Unfortunately, a busy travel schedule – including a lovely visit to Boulder -- over the last few days has kept me from blogging more about alleged UBS rogue trader Kweku Adoboli. Hopefully, I’ll have time to correct that this week.
New information emerged over the weekend that suggests numerous parallels to the 2008 Jérôme Kerviel rogue trading scandal at France’s Société Générale. This is not terribly surprising. As I detailed in connection with the Kerviel case (see the set of links below), most of these high-profile rogue-trading cases follow a fairly familiar pattern.

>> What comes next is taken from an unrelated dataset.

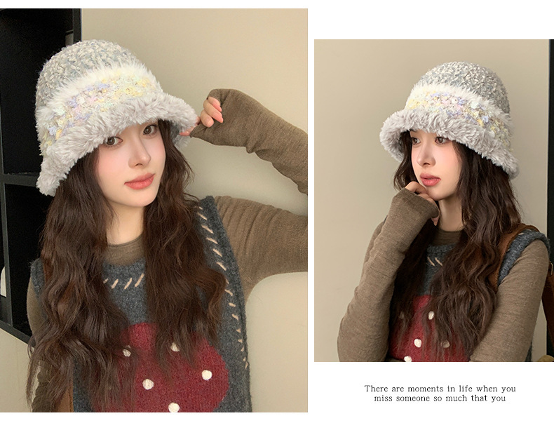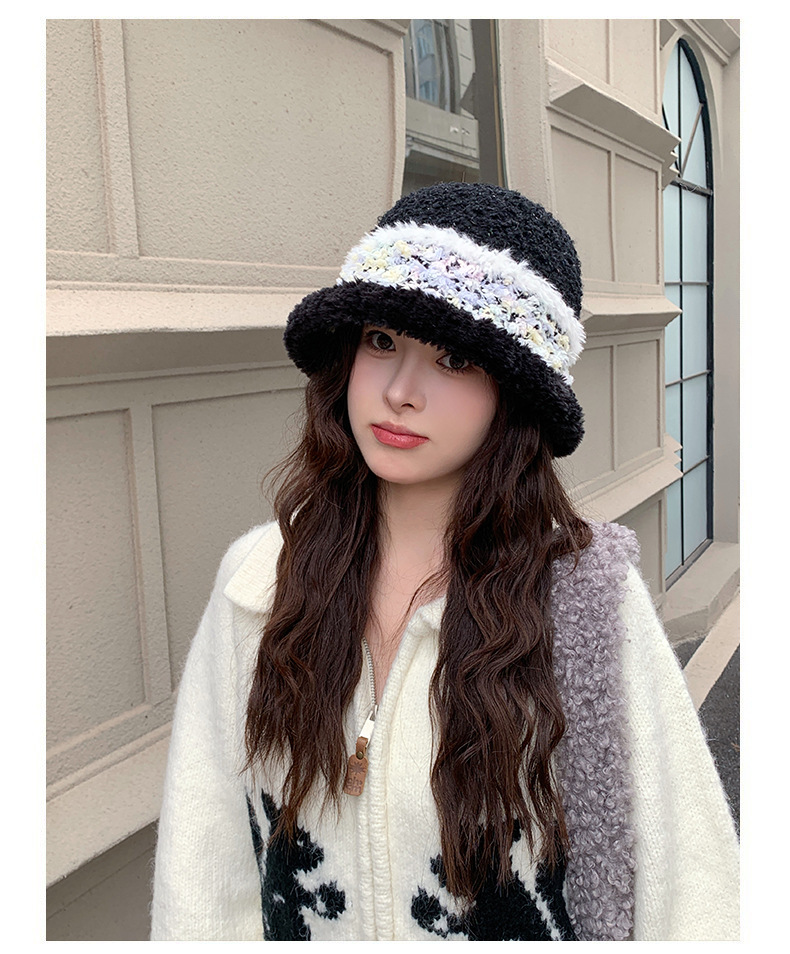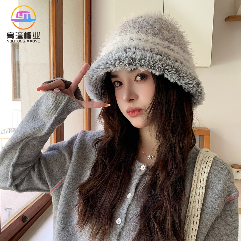新款高品质毛绒拼色水桶帽女韩版保暖护耳毛线帽子时尚出游盆帽潮

Despite initial speculation that the complexity of Adoboli’s trades inhibited detection by risk management personnel, this is rarely the case. As I discuss at length here, most of the high profile rogue trading cases initially blamed on the use of complex derivative or other products are actually more the product of basic risk management and compliance failure. In other words, rogue traders tend to Keep It Simple, Stupid – they enter fake trades or otherwise manipulate risk management systems, forge documents, lie when questioned about their unauthorized trading activity, and follow a number of other tried and true strategies to evade detection.
It looks as if the UBS case will be no different. UBS has now disclosed that the losses arose from trades in S&P 500, DAX, and EuroStoxx index futures, which Adoboli concealed through fictitious trades. This is very similar to the Kerviel scandal (which, in turn, bore many similarities to prior scandals.)

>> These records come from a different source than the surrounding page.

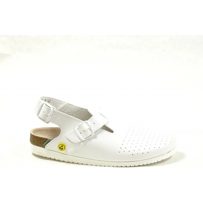 Vrchový materiál kvalitní umělá useň, tvarovaná stélka, nastavitelné zapínání na 2 přezky, zadní pásek také na přezku, záruka 2 roky. Pohodlné pracovní zdravotní sandály SANTÉ...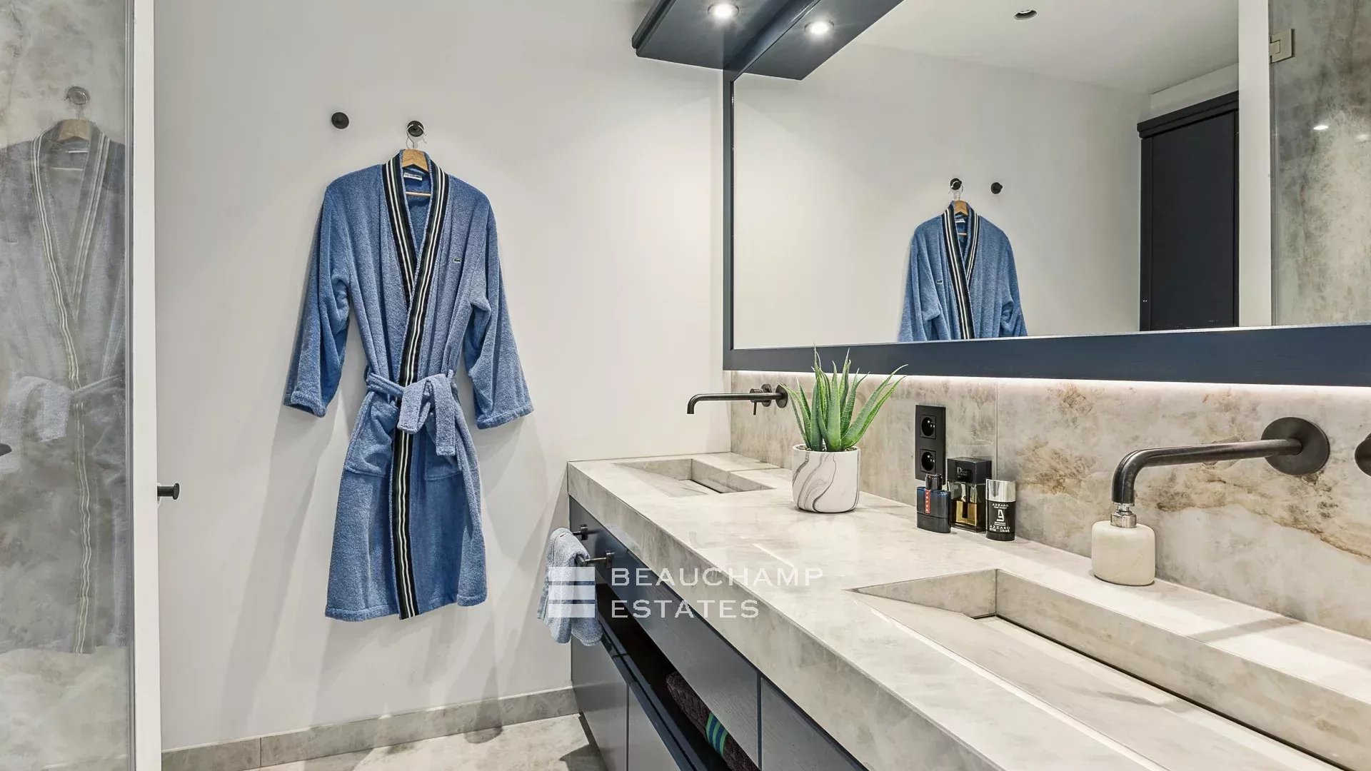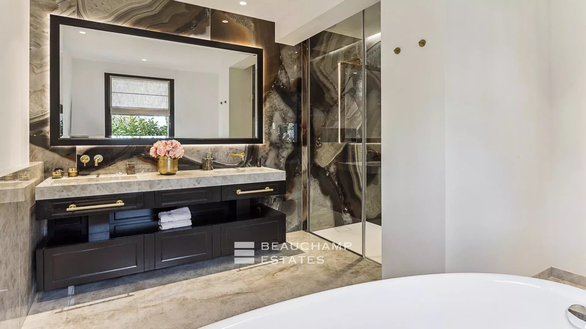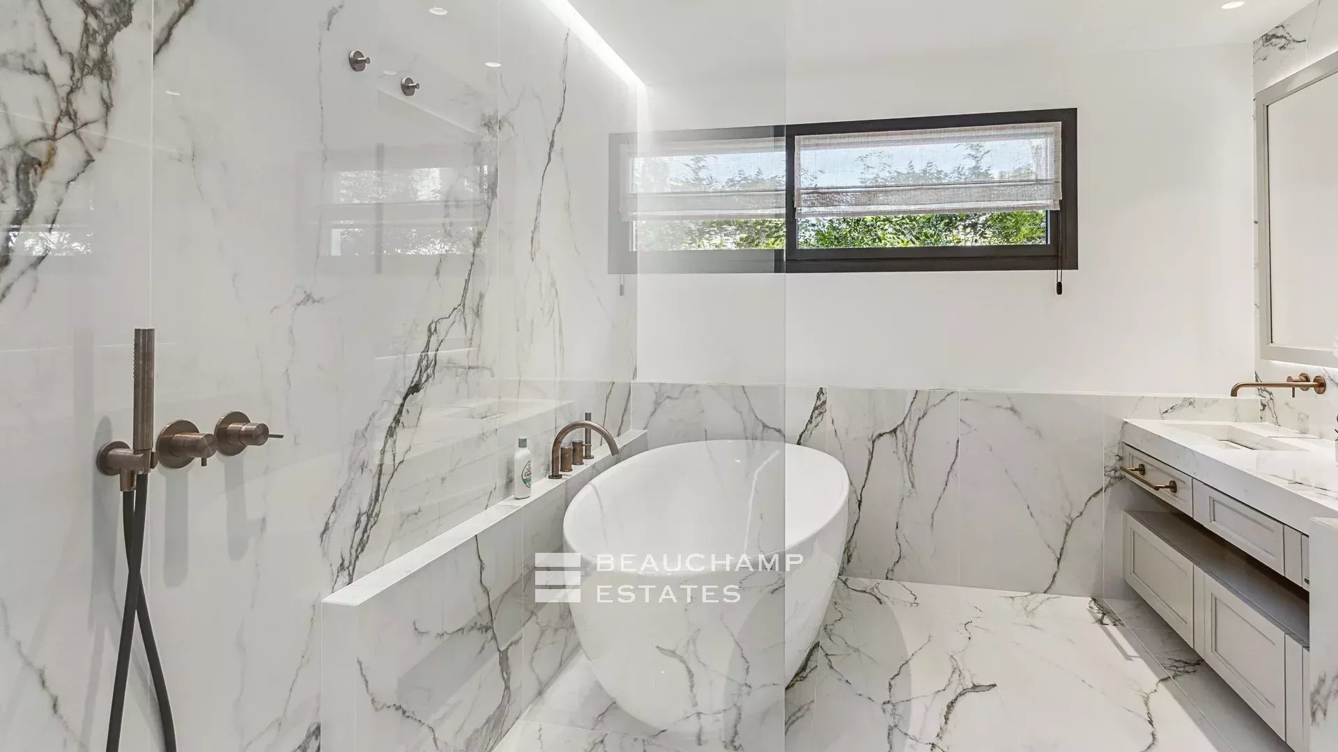 It features five en-suite bedrooms, each with its own bathroom and an elegant office space, perfect for work or reading. The master bedroom stands out with a spacious dressing room and a refined bathroom with a bathtub and an Italian shower.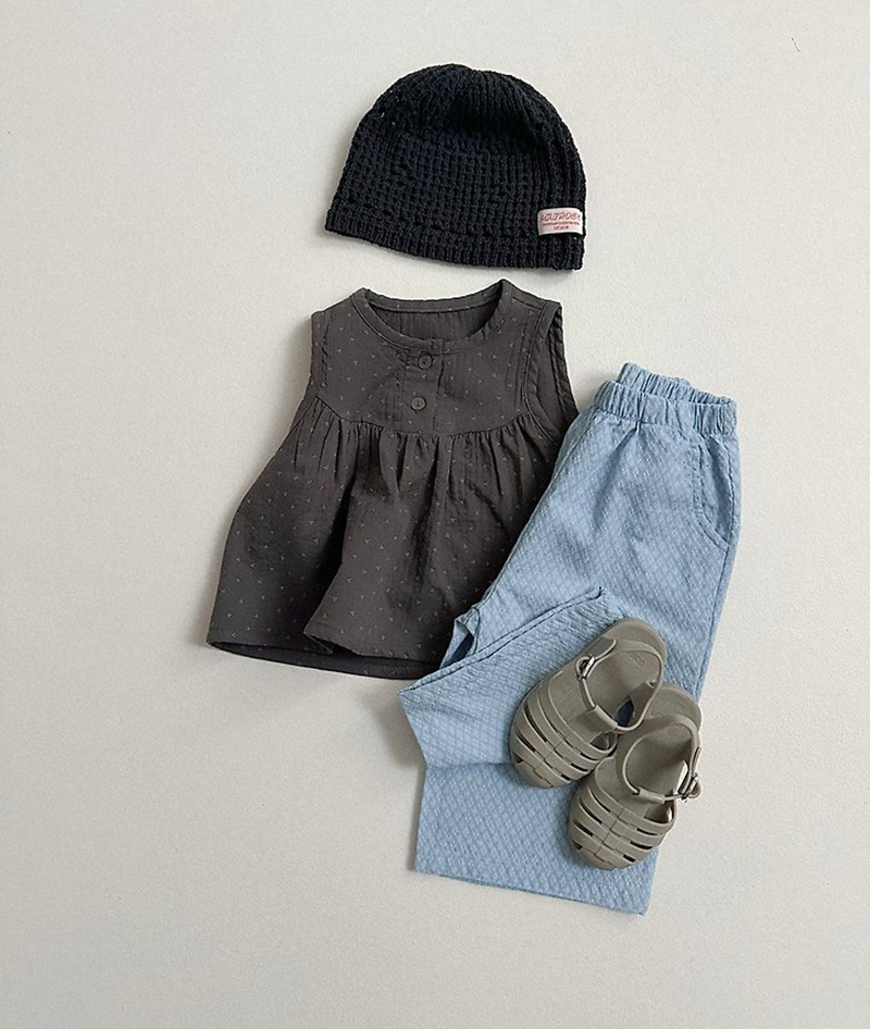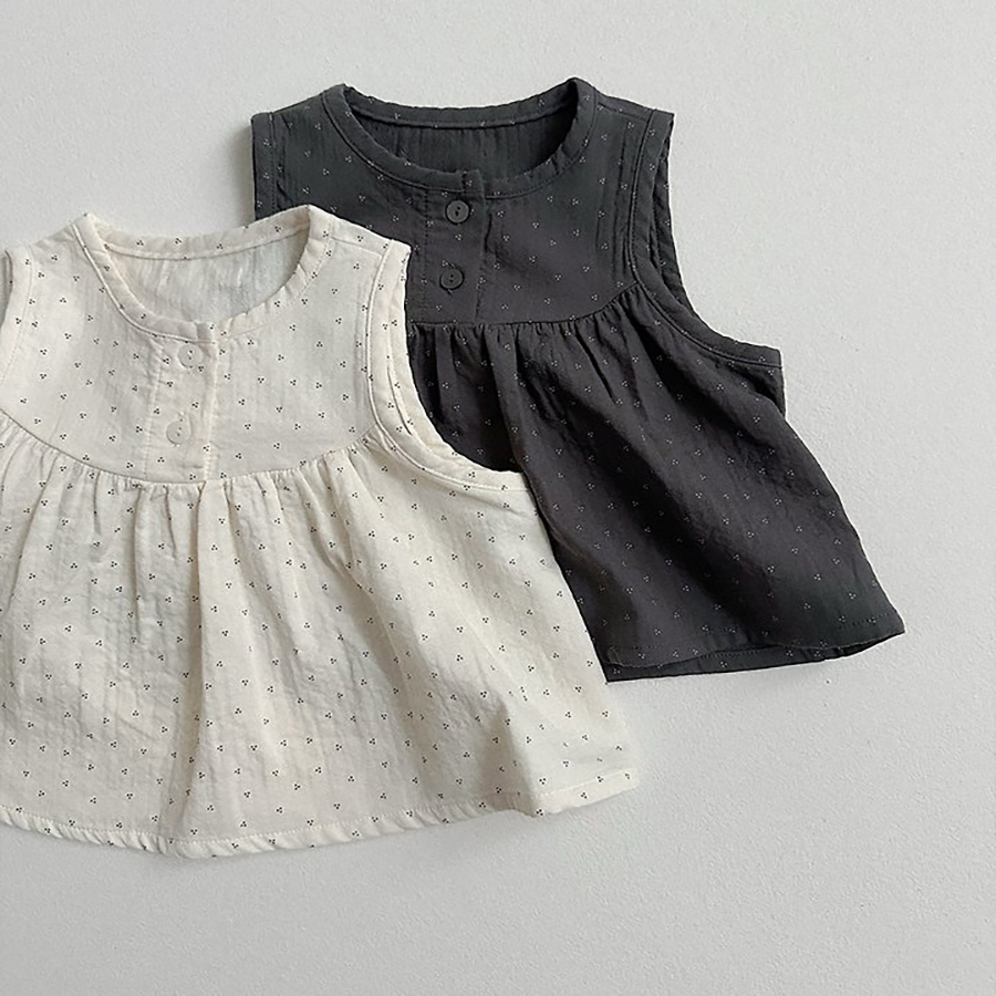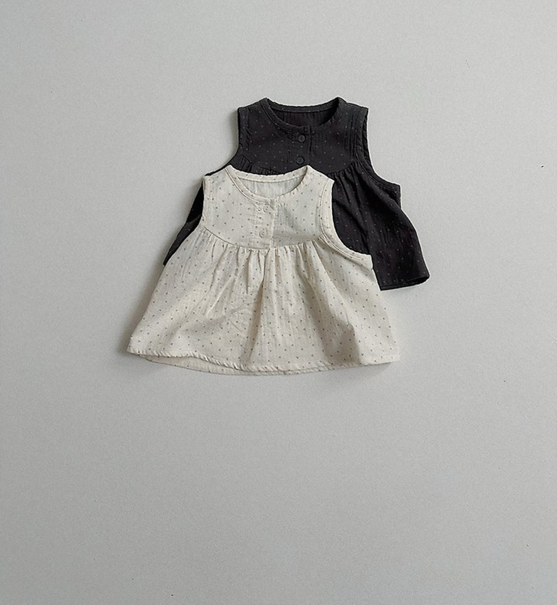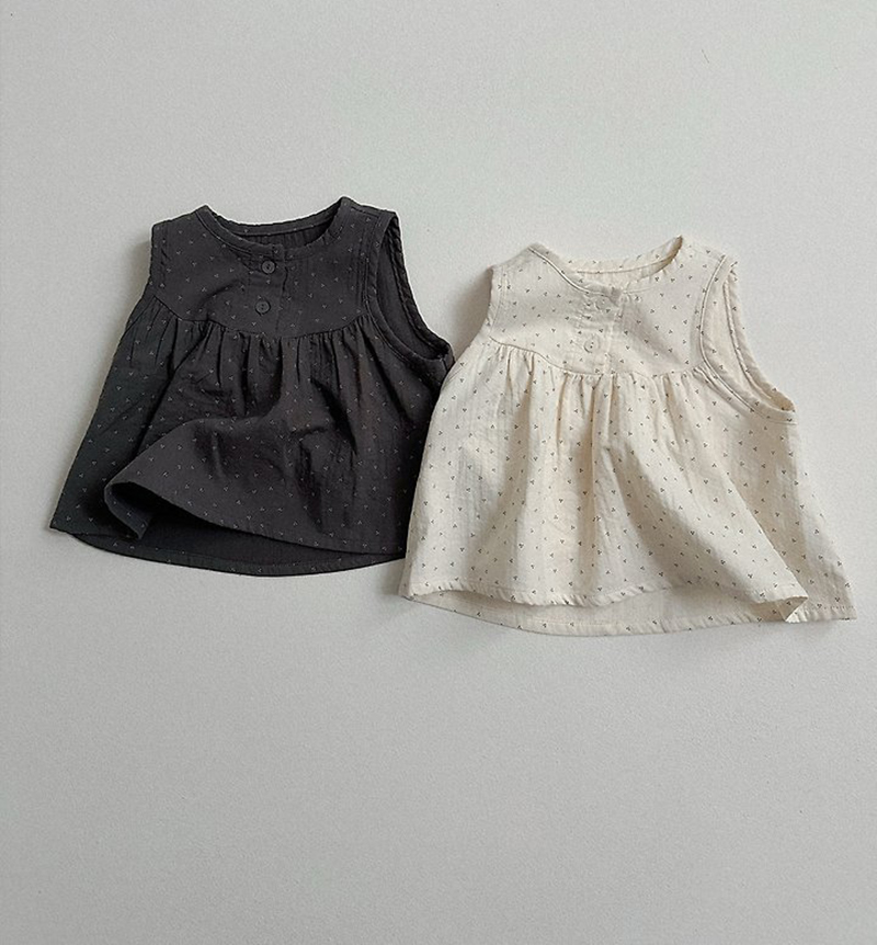 잔잔한 도트 패턴의 민소매 블라우스 소개해드려요~

There are two other notable similarities between the Adoboli and Kerviel cases. First, both migrated from the back office, where they gained knowledge that later facilitated their illicit trading and cover up. Second, both were on the Delta1 desk, which has broader implications for financial reform issues, such as the Volcker rule.

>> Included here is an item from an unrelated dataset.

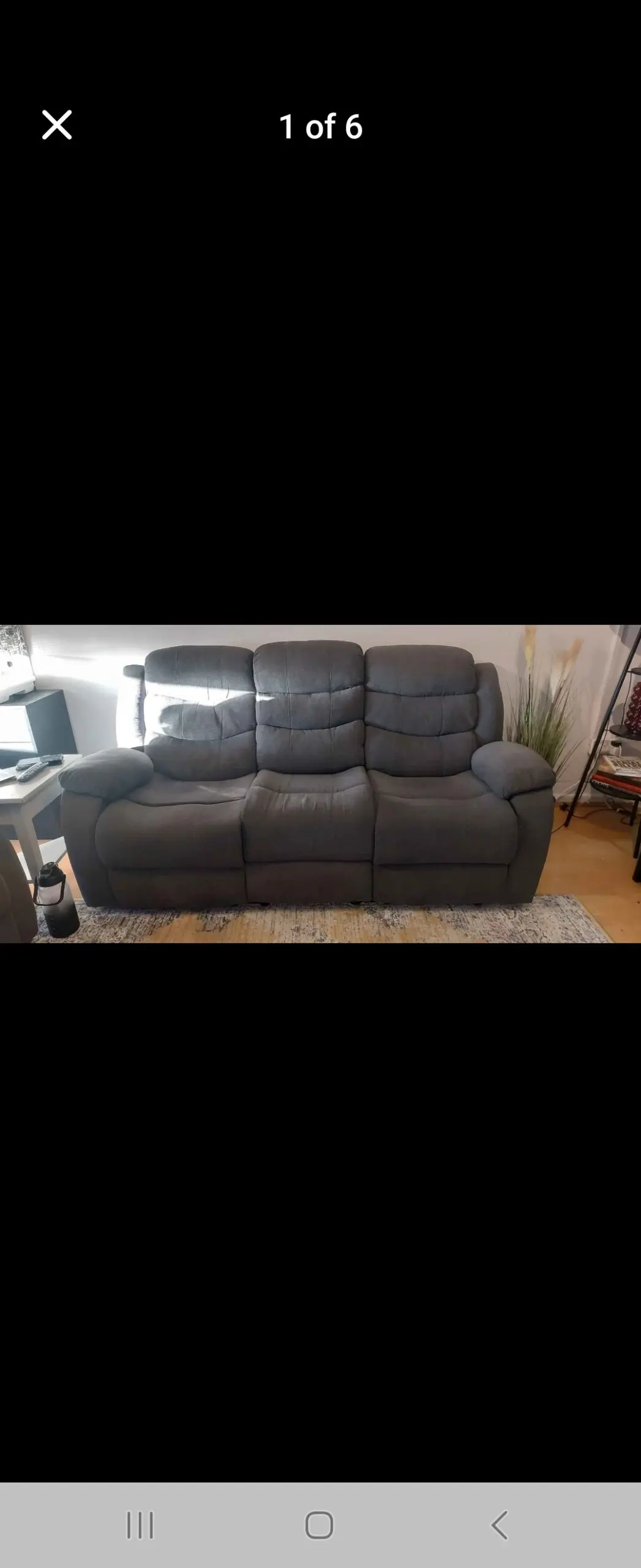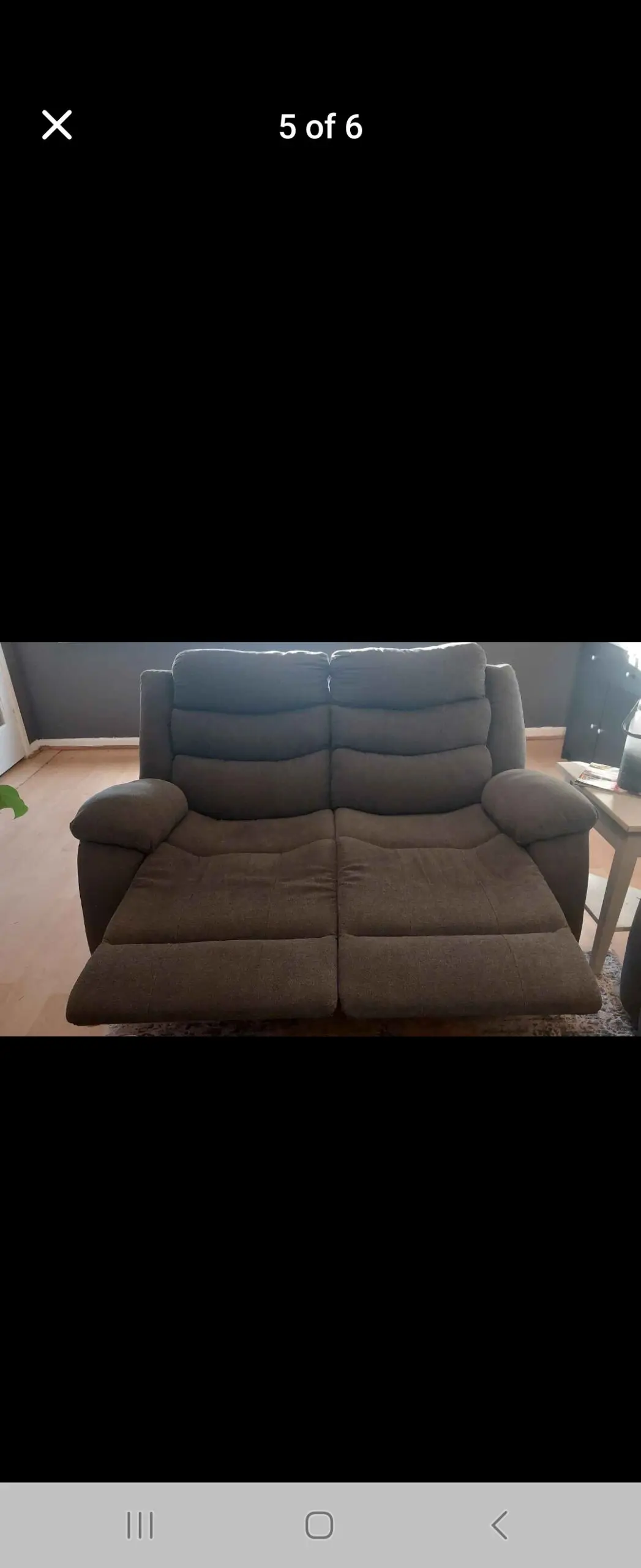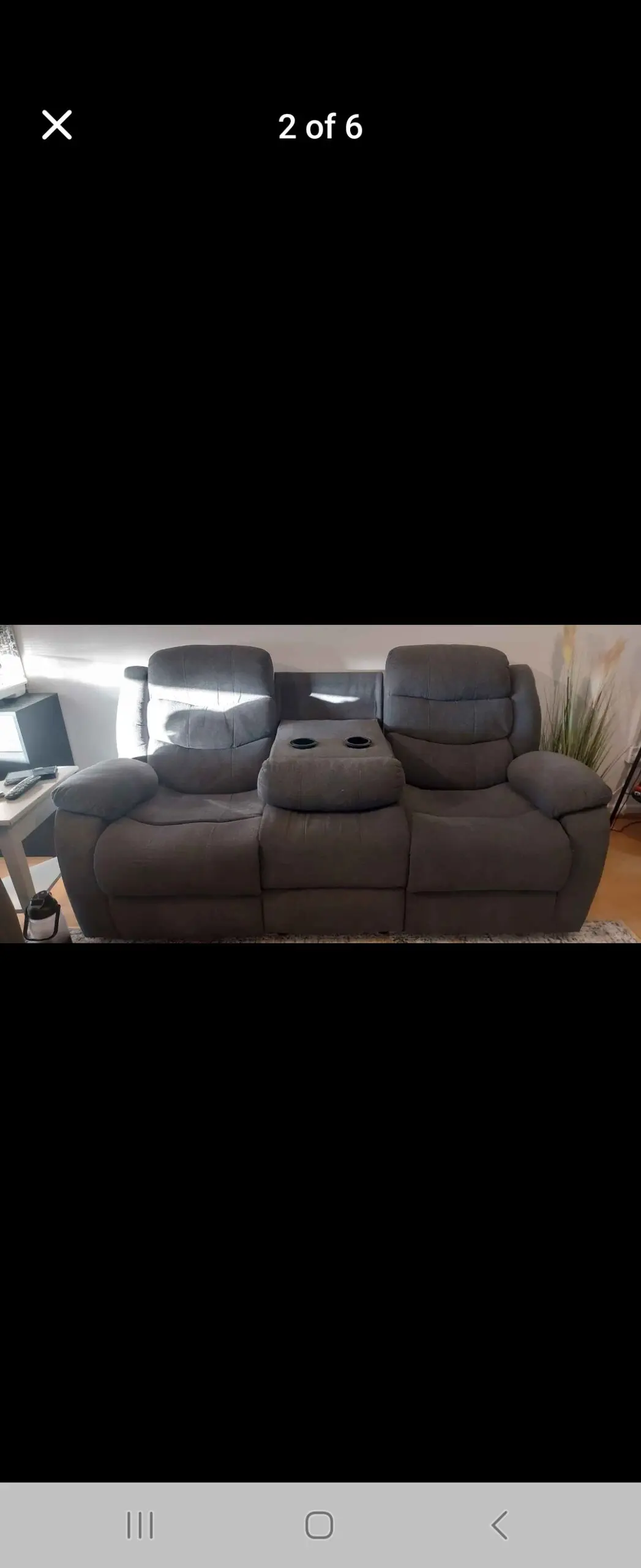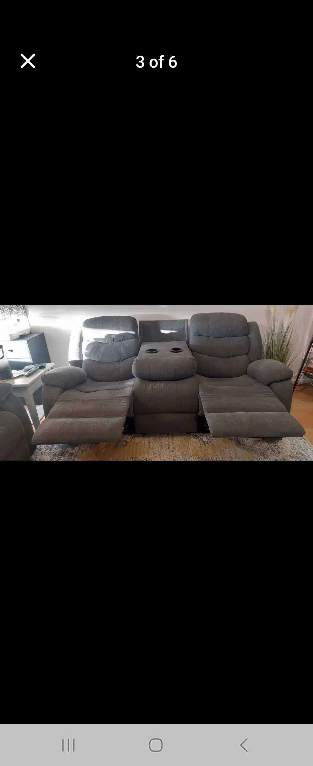 3 seater reclining sofa. Both ends recline with pull down in middle containing cup holders.

I will be back later to discuss those implications in more detail. But, in short, rogues such as Adoboli and Kerviel aptly illustrate the thorny enforcement problems associated with attempts to distinguish prohibited proprietary trading activity from permitted client service and market making activity. These difficulties, according to GAO, impede even the study of proprietary trading at banking entities, which does not bode well, in my view, for Volcker rule implementation and enforcement.
Related Posts:
When $61bn Seemed Like Real Money
Denial: It Ain’t Just A River In Egypt
Kerviel’s Fake Trades: Genius Or Copy Cat?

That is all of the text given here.